• _Exercise details_: Write out only the lines from the start of the entries up to and including the line with "Crinkle dokuma kumaşın"; please skip the pictures.

• _Material provided_:
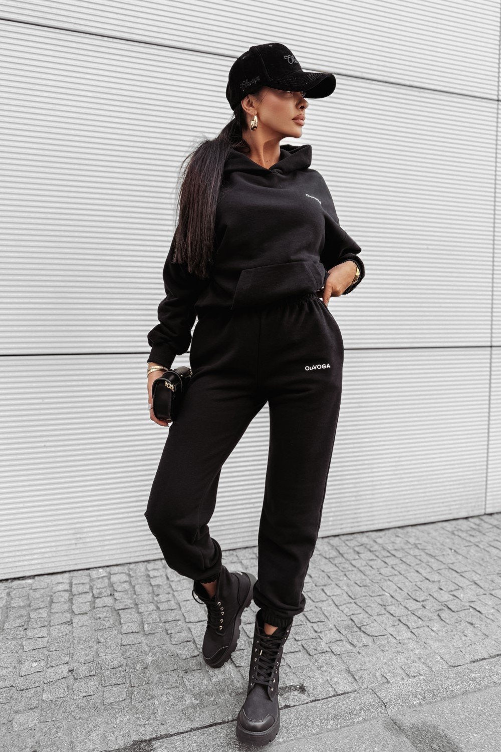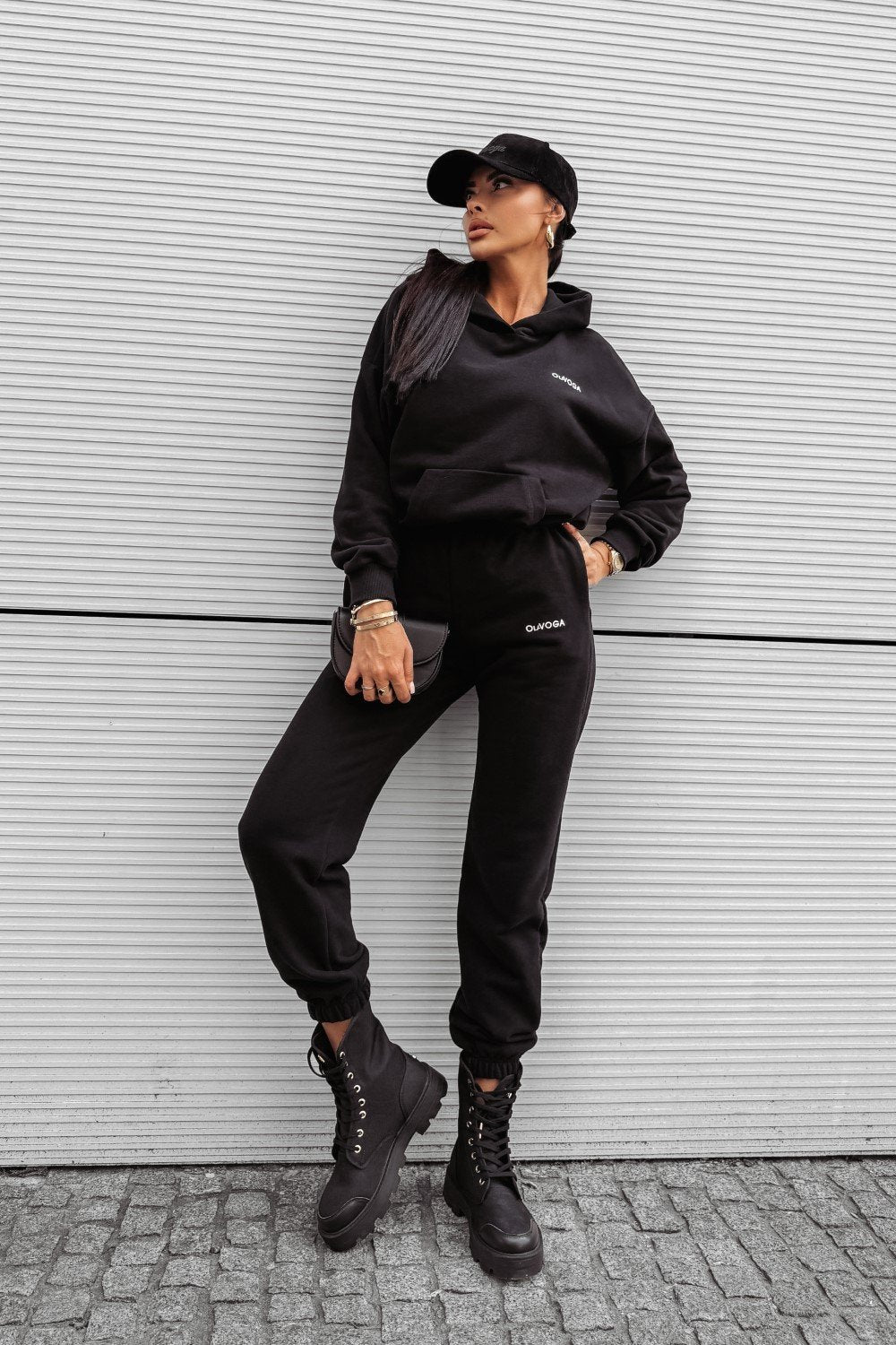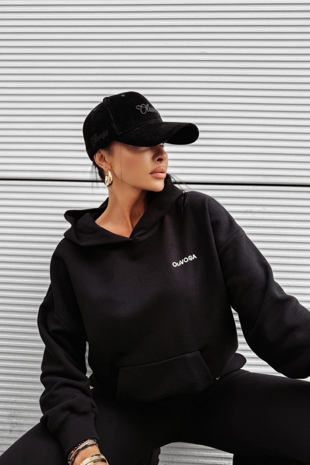 Der obere Teil ist ein übergroßer Pullover, mit geräumiger Kapuze und einer Kängurutasche, deren Vorderseite minimalistisches, kontrastreiches OLAVOGA-Logo schmückt.
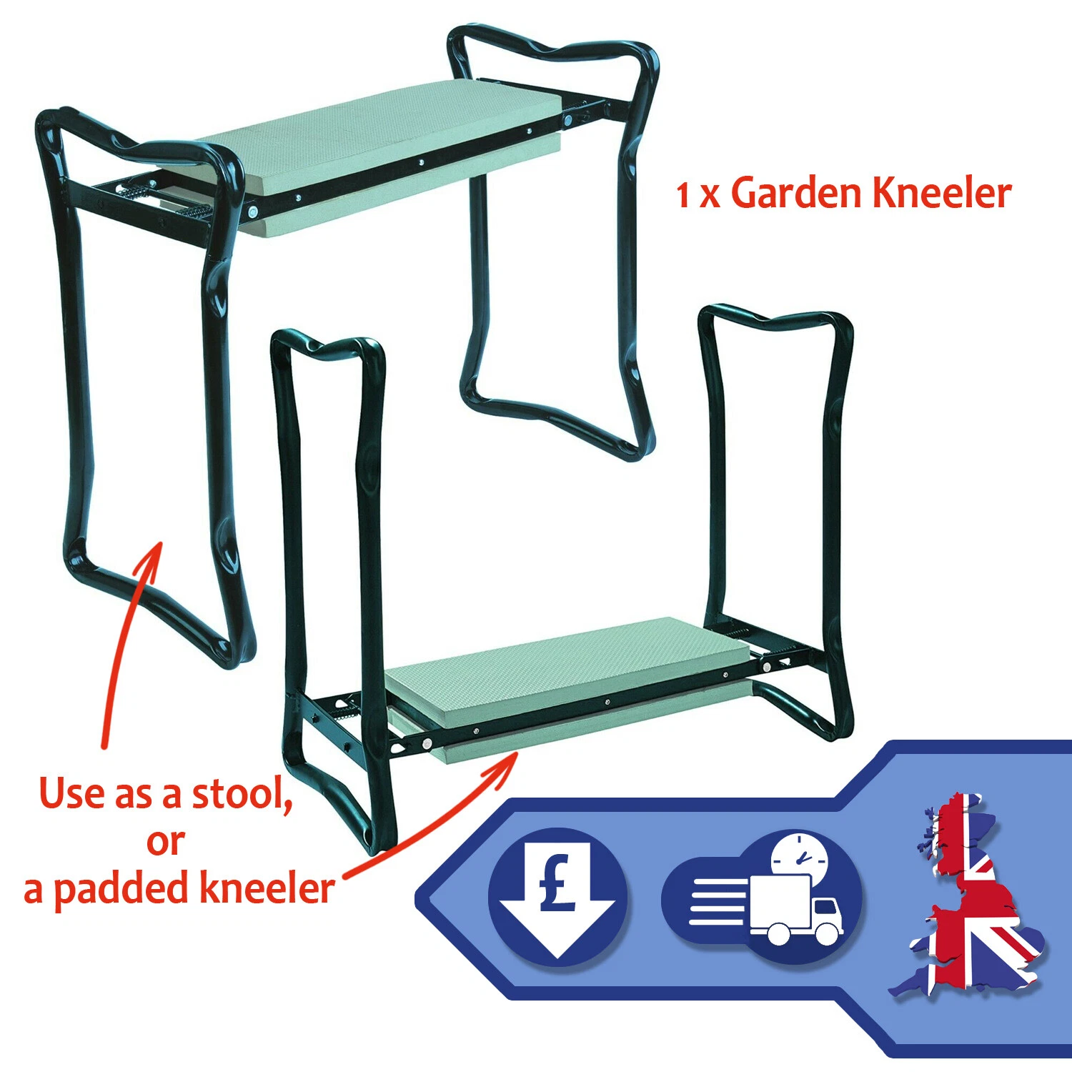 Constructed from sturdy steel tubing, the kneeling surface is made from EVA foam to provide comfort. When inverted, it transforms into a cozy stool. Additionally, it folds compactly for easy storage and effortless transport.
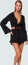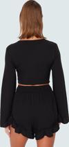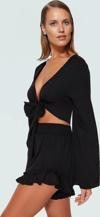 Crinkle dokuma kumaşın hafifliği ve nefes alabilirliğiyle yaz sıcağında rahatlığı deneyimleyin. V yaka ve bağcıklı detaylar, bluza şık bir hava katıyor. Fırfırlı şort, hareketli ve feminen bir görünüm sunuyor. Kısa boy ve regular kalıp, konforlu bir kullanım sağlıyor. %60 viskoz ve %40 polyester karışımı, takımın dayanıklılığını ve kalitesini garanti ediyor.
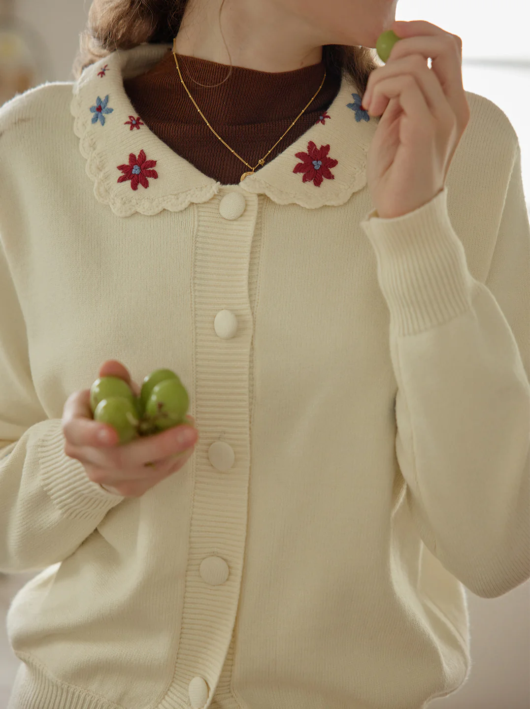 【Final Sale】Grace Floral Embroidered Apricot Knit Cardigan
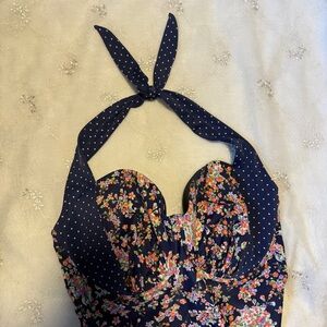 Tags: retro swimwear, pinup swimsuit, halter one piece, full bust swimsuit, supportive swimwear, vintage floral swimsuit, curvy fit swimwear, underwire swimsuit, plus size swimwear, chic beachwear, poolside style, polka dot swimsuit, classic one piece

• _Exercise answer_:
 Der obere Teil ist ein übergroßer Pullover, mit geräumiger Kapuze und einer Kängurutasche, deren Vorderseite minimalistisches, kontrastreiches OLAVOGA-Logo schmückt.
 Constructed from sturdy steel tubing, the kneeling surface is made from EVA foam to provide comfort. When inverted, it transforms into a cozy stool. Additionally, it folds compactly for easy storage and effortless transport.
 Crinkle dokuma kumaşın hafifliği ve nefes alabilirliğiyle yaz sıcağında rahatlığı deneyimleyin. V yaka ve bağcıklı detaylar, bluza şık bir hava katıyor. Fırfırlı şort, hareketli ve feminen bir görünüm sunuyor. Kısa boy ve regular kalıp, konforlu bir kullanım sağlıyor. %60 viskoz ve %40 polyester karışımı, takımın dayanıklılığını ve kalitesini garanti ediyor.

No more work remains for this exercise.